DATA TO USE:
▬▬▬▬▬▬
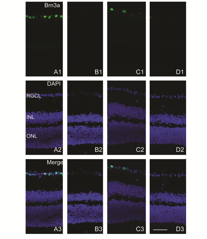 图 3 小鼠视网膜神经节细胞凋亡切片(×400) 免疫荧光示Brn3a标记视网膜神经节细胞(绿); A1-A3:对照组; B1-B3:NMDA玻璃体腔注射12 h后,神经节细胞凋亡明显; C1-C3:G-G1皮下注射后NMDA处理,神经节细胞未凋亡细胞增多; D1-D3:G-15和17β-雌二醇皮下注射后,给予NMDA处理,神经节细胞明显凋亡; 图中标尺为50 μm |
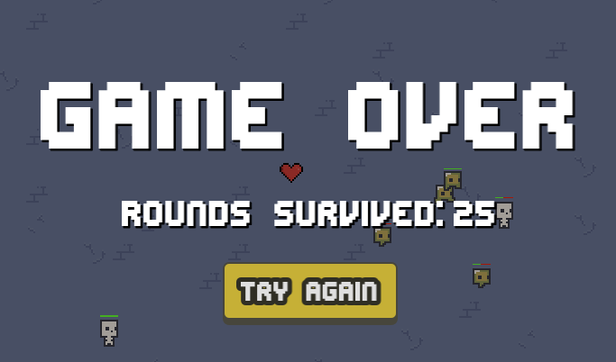 It's okay, I just don't like personally games about minmaxing stats. Enemies create weak dynamics, because they can't surround and corner you. Sprites, which you've chosen looks strange together, i fogot how this calling exactly, but it's connected with different size of pixels of sprites. Also, enemies have another issue - if you will stand at the edge of the map, then enemy can spawn very close to you and you will get inevitable hit.
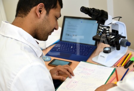 Rīgas Stradiņa universitātes students renovētajā mācību telpā ...
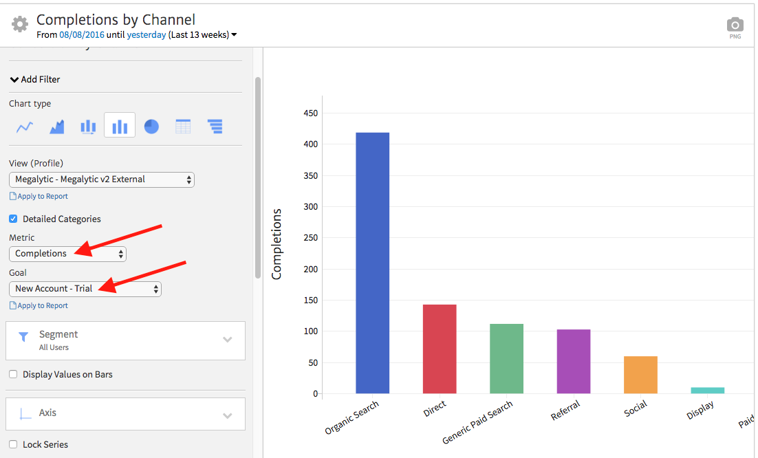 Whenever possible, focus on showing conversion-related metrics. For instance, in this example we want to break down conversion volume by channel to show how they stack up against each other in driving free trials. We’ll use the Completions by Channel widget. In the widget options, we’ll leave Completions as the metric and choose the Goal we want (in this case, “New Account - Trial,” representing trial signups).
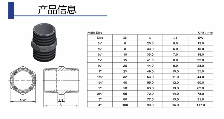 | 不鏽鋼六角外(wai)絲接頭 | |
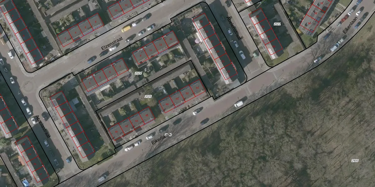 Eikenlaan 52 is gelegen op kadastraal perceel GOE00E2025. Deze kadastrale aanduiding is uniek en wordt gebruikt door het Kadaster om eigendomsrechten en andere zakelijke rechten vast te leggen. Het perceel maakt onderdeel uit van de kadastrale gemeente Goes.
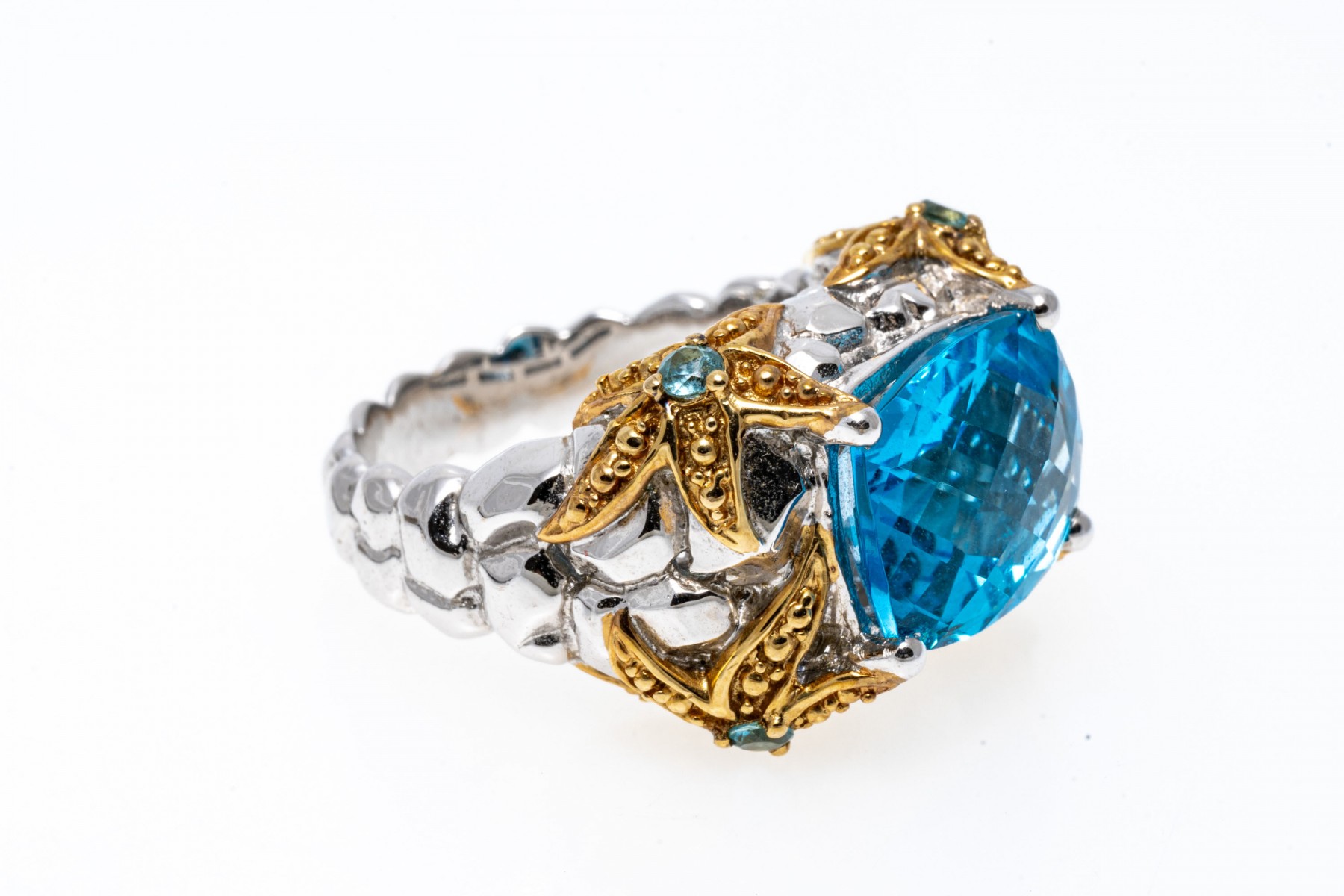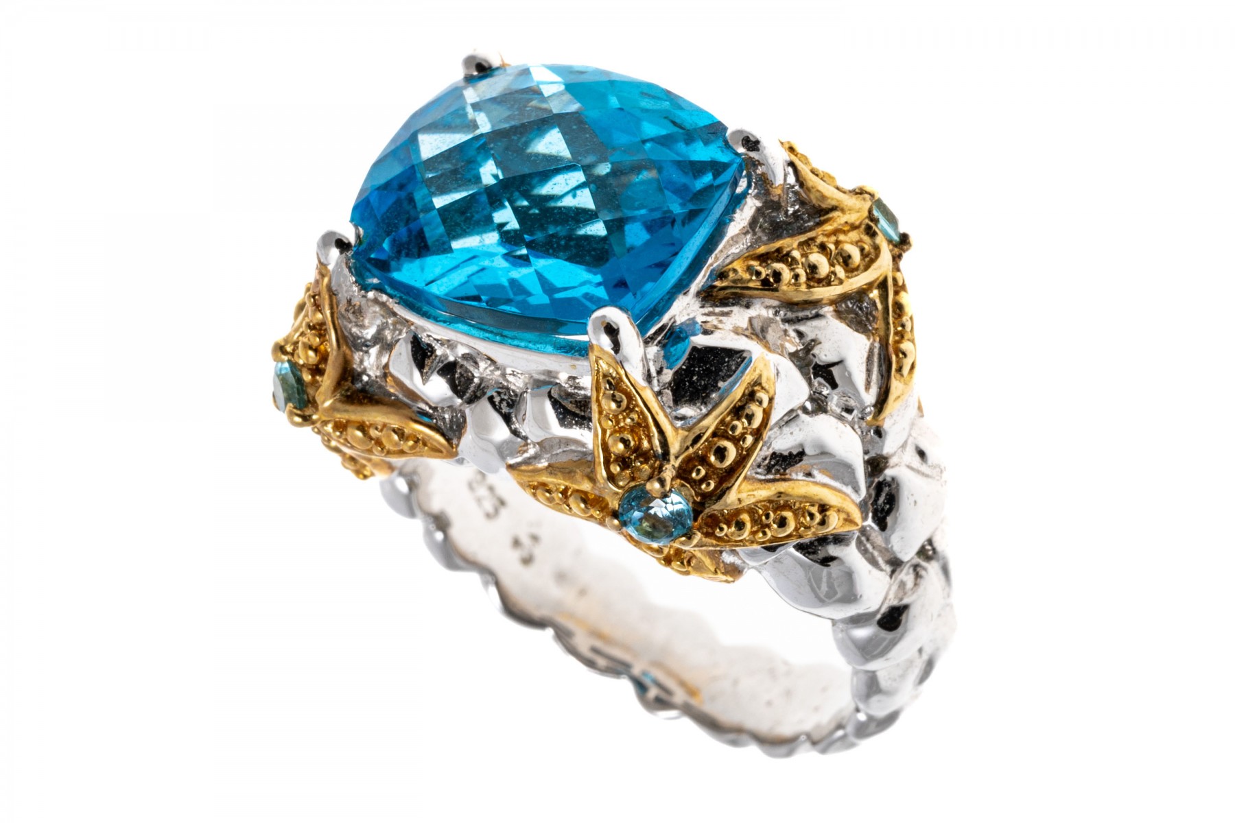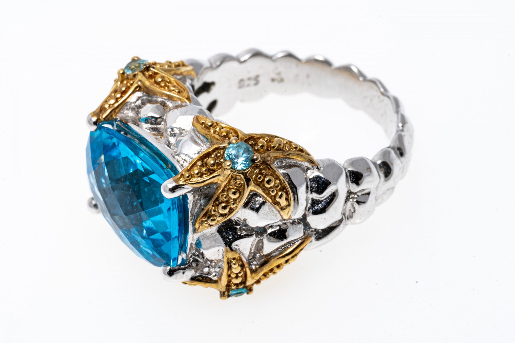 A sterling silver ring set with a single rich blue topaz. The shanks and galley feature vermeil starfish like design set with blue topaz. Ribbed band. Ring size .
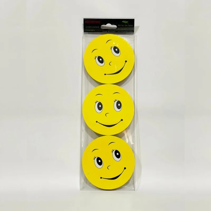 6 Pcs Wooden Round Emoji Face Coasters 9cm (Random Emoji Faces)
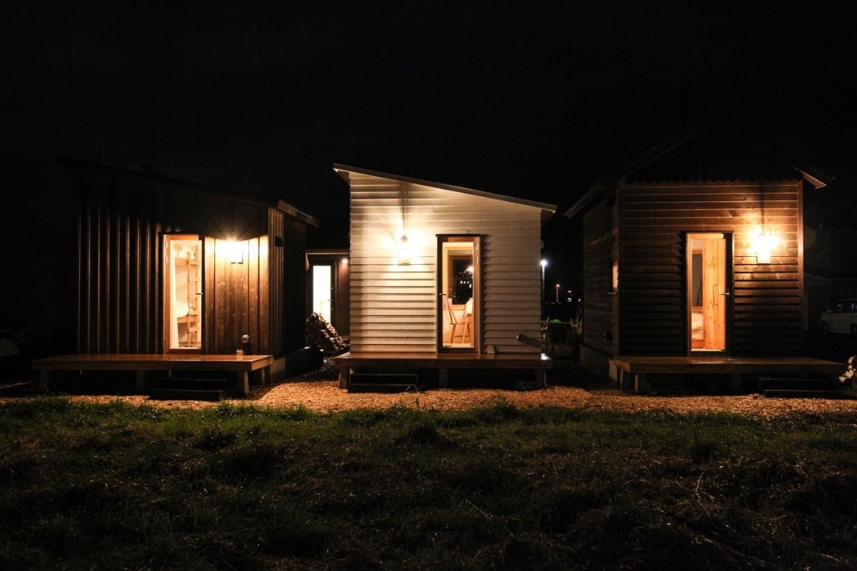 3棟の小さなタイニーハウスがホテル宿泊用の建物です。タイニーハウスはアメリカ発祥で「小さな家」の意味。2000年頃から、小さな家を建て、モノを持ちすぎずシンプルに暮らす生き方、価値観が評価されるようになり、世界的なブームになっています。
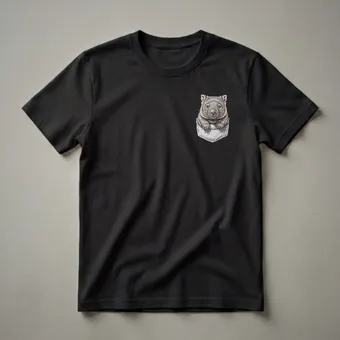 Wombat lovers will adore this unique graphic t-shirt featuring a detailed drawing of a wombat peeking out of a pocket. The artwork captures the endearing face and furry paws of this marsupial, known for its burrowing habits and stocky build. Wombats are native to Australia and are often found in forests, woodlands, and grasslands, where they create extensive burrow systems. This eye-catching tee is a fantastic way for anyone to express their appreciation for these fascinating creatures. It makes a thoughtful gift for wildlife enthusiasts, hikers, or anyone who admires the unique fauna of Australia. Wear this comfortable shirt to casual outings, nature walks, or while sharing your passion for animals. This wombat shirt is a staple in any animal lover's wardrobe, offering a blend of art and appreciation for the natural world.
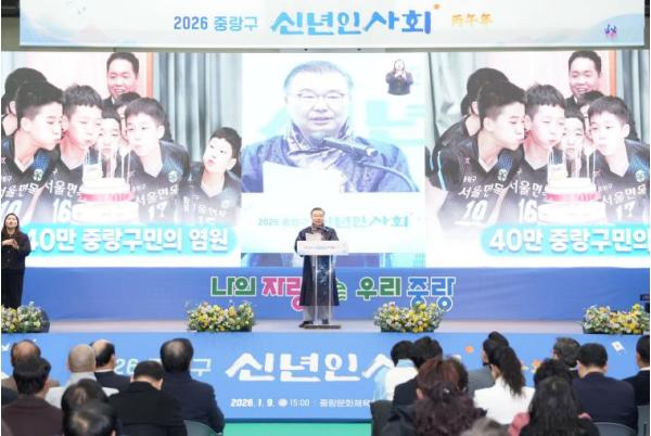 [singers news 씽어즈뉴스, 홍기한기자] 중랑구가 지난 9일 오후 중랑문화체육관에서 구민 1,200여 명이 참석한 가운데 2026년 신년인사회를 개최했다.
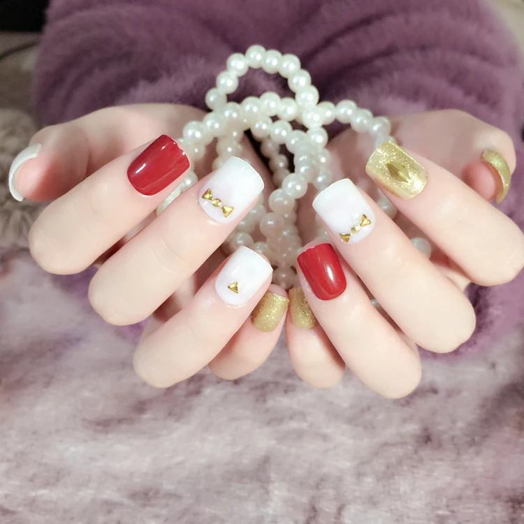 Us 0 65 41 Off Short Candy Fake Nails Princess Pink Acrylic False Nail Red Black White Full Cover Nail Tips Manicure Tools 008s In False Nails From
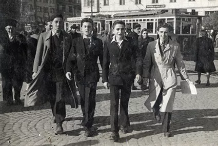 From left to right in this picture are: I, Ziko Lorer, David Levi and Leon Daniel. The picture was taken in Sofia, in 1946-47.
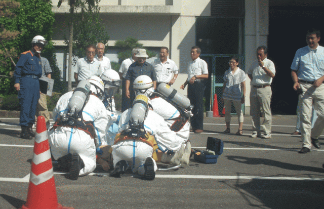 テロ災害等を想定し、特殊災害対応訓練と科学防護服についての説明を受けました。訓練に参加した隊員は、各人真剣な面持ちで実行動を想定しながら迅速に行動し、救急救助活動を行っていました。
▬▬▬▬▬▬
WORK INSTRUCTION: Precisely those lines above that run from the line with "3棟の小さなタイニーハウスが" up to and including the line with "[singers news 씽어즈뉴스, 홍기한기자]" are to be set down, with the pictures omitted.

EXERCISE OUTPUT:
 3棟の小さなタイニーハウスがホテル宿泊用の建物です。タイニーハウスはアメリカ発祥で「小さな家」の意味。2000年頃から、小さな家を建て、モノを持ちすぎずシンプルに暮らす生き方、価値観が評価されるようになり、世界的なブームになっています。
 Wombat lovers will adore this unique graphic t-shirt featuring a detailed drawing of a wombat peeking out of a pocket. The artwork captures the endearing face and furry paws of this marsupial, known for its burrowing habits and stocky build. Wombats are native to Australia and are often found in forests, woodlands, and grasslands, where they create extensive burrow systems. This eye-catching tee is a fantastic way for anyone to express their appreciation for these fascinating creatures. It makes a thoughtful gift for wildlife enthusiasts, hikers, or anyone who admires the unique fauna of Australia. Wear this comfortable shirt to casual outings, nature walks, or while sharing your passion for animals. This wombat shirt is a staple in any animal lover's wardrobe, offering a blend of art and appreciation for the natural world.
 [singers news 씽어즈뉴스, 홍기한기자] 중랑구가 지난 9일 오후 중랑문화체육관에서 구민 1,200여 명이 참석한 가운데 2026년 신년인사회를 개최했다.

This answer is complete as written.